How singing often leads to an outpouring of emotionby Lisa Schmucker Showalter
You may know one. You may even be one yourself. They are everywhere. I call them “songweepers.” Songweepers are people who just can’t seem to hold their emotions in check upon hearing or, especially, singing certain songs.
I coined this term several years ago, when my husband’s (Brian’s) uncle passed away. As we prepared the music for the funeral, there was speculation from the Troyers (Brian’s maternal family) about whether or not they would be able to sing at the funeral due to the likelihood of crying.

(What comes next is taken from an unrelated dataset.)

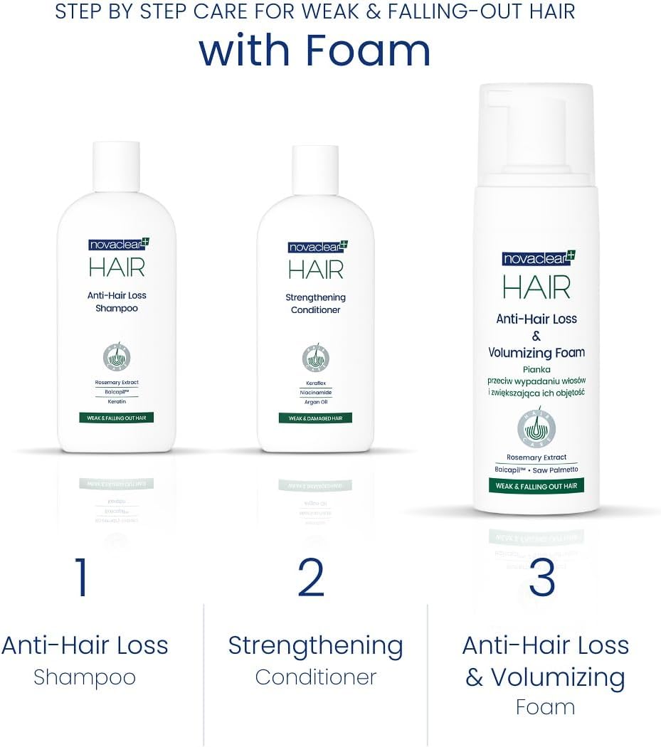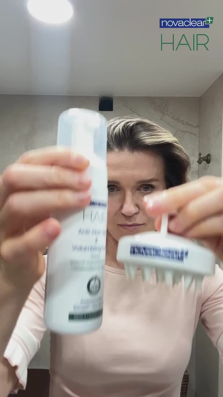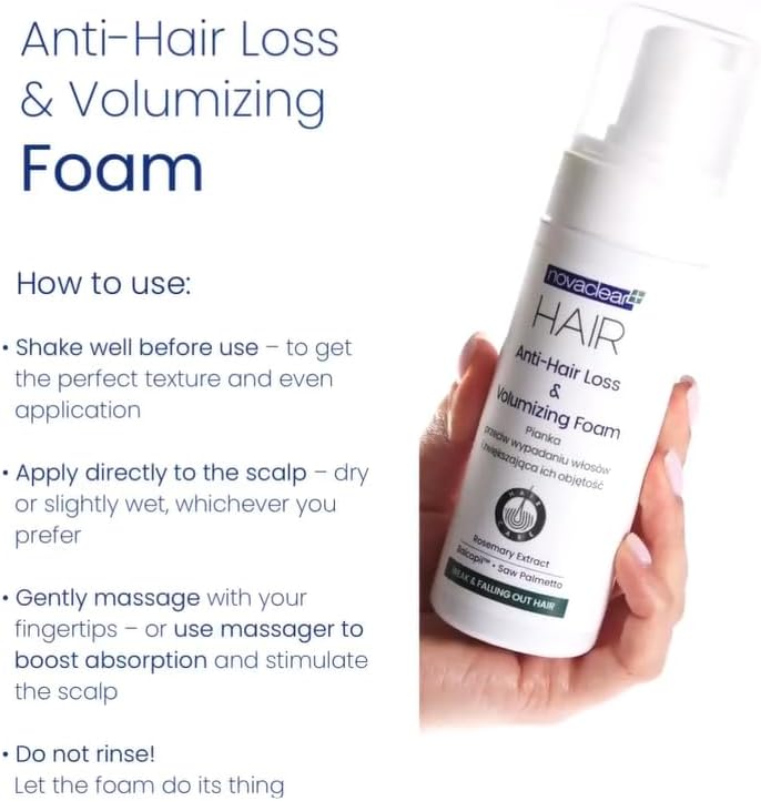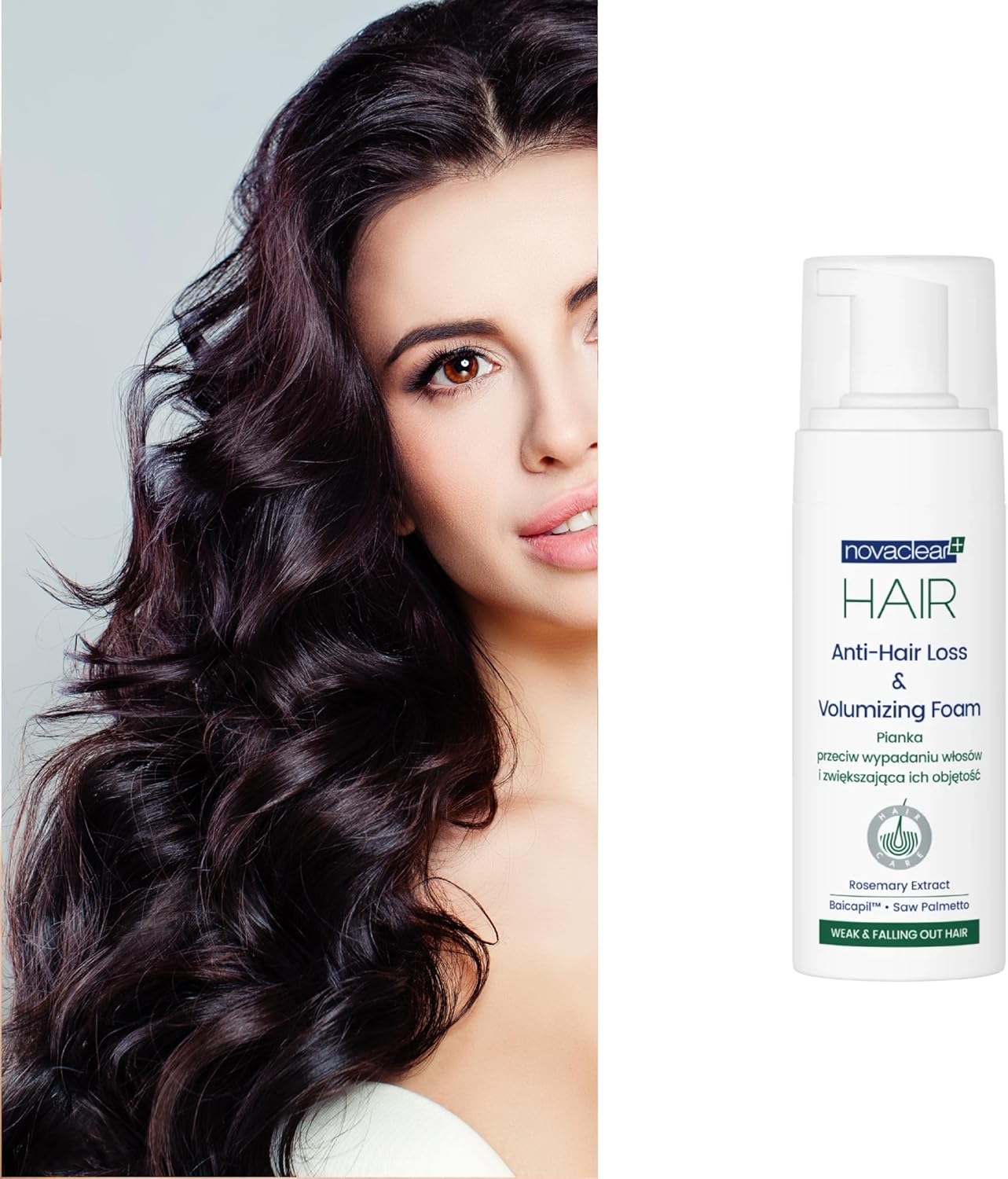 Novaclear's Anti-Hair Loss & Volumizing Foam features a lightweight formula that not only reduces hair loss but also increases volume and lifts hair at the roots, giving it natural bounce.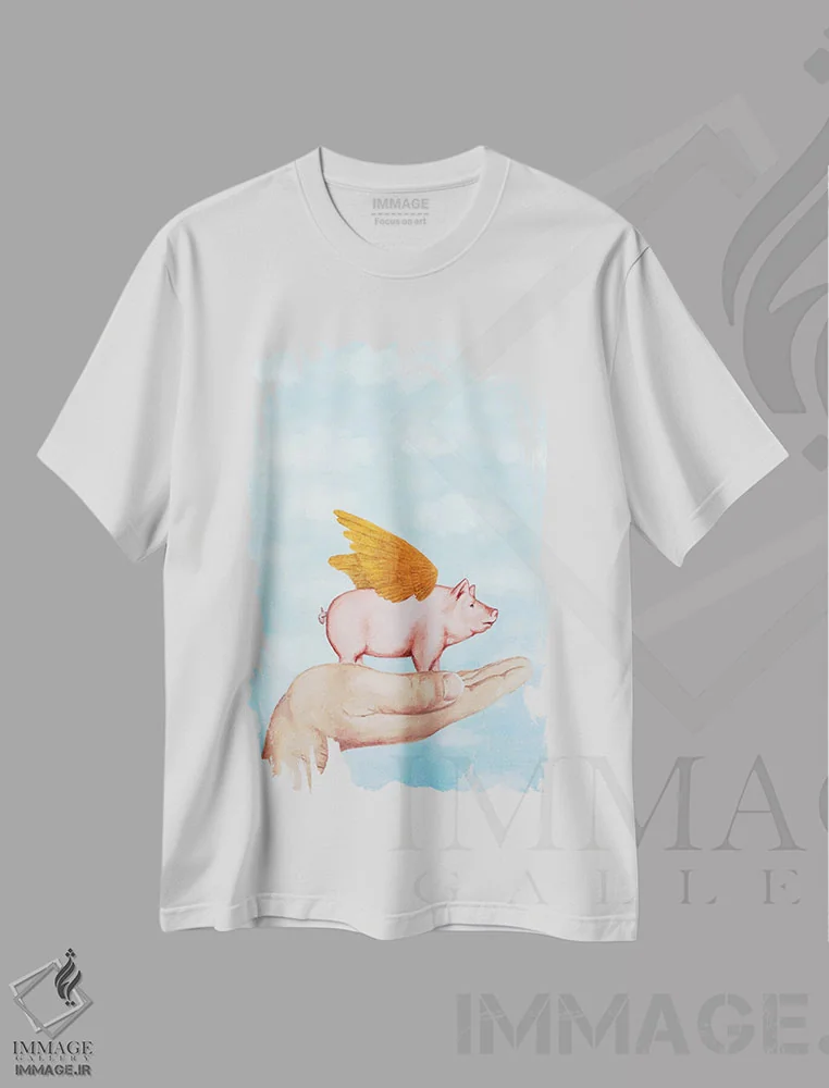 تیشرت سفید طرح دار خوک با بال های طلایی اثر کوکو د پاریس | immage.ir

The Troyers are not an emotional bunch. They’re loving, warm, genuine and given to practical joking—or joking of any kind. But one would not define them as sappy. Brian’s uncle Steve couldn’t make sense of it. “I can be surrounded by blood, guts and all kinds of devastation and be fine, but if you throw a song into the middle of it, I’m a mess.” Aunt Joyce tried a scientific approach, explaining, “There is a nerve directly attached to the vocal cord that goes into the part of the brain that controls tears. I’m fine until I open my mouth to sing.” (I don’t think this has been proven scientifically.)
While the Troyers aren’t a sappy bunch, they are a singing bunch. They sing together. When I first joined the family, we sang hymns at the dinner table prior to holiday meals.
Not in a cheesy, contrived, Norman Rockwell painting sort of way but in a sincere, honest, enthusiastic way. They grew up singing together and taught all their children to sing together, and now all the in-laws have joined the song. For them, family memories are tied to singing. In fact, after Brian’s grandmother passed away, no one, including Brian (who seems to have inherited the song-weeping gene), could sing her favorite hymn, “To Us a Child of Hope is Born,” with a dry eye.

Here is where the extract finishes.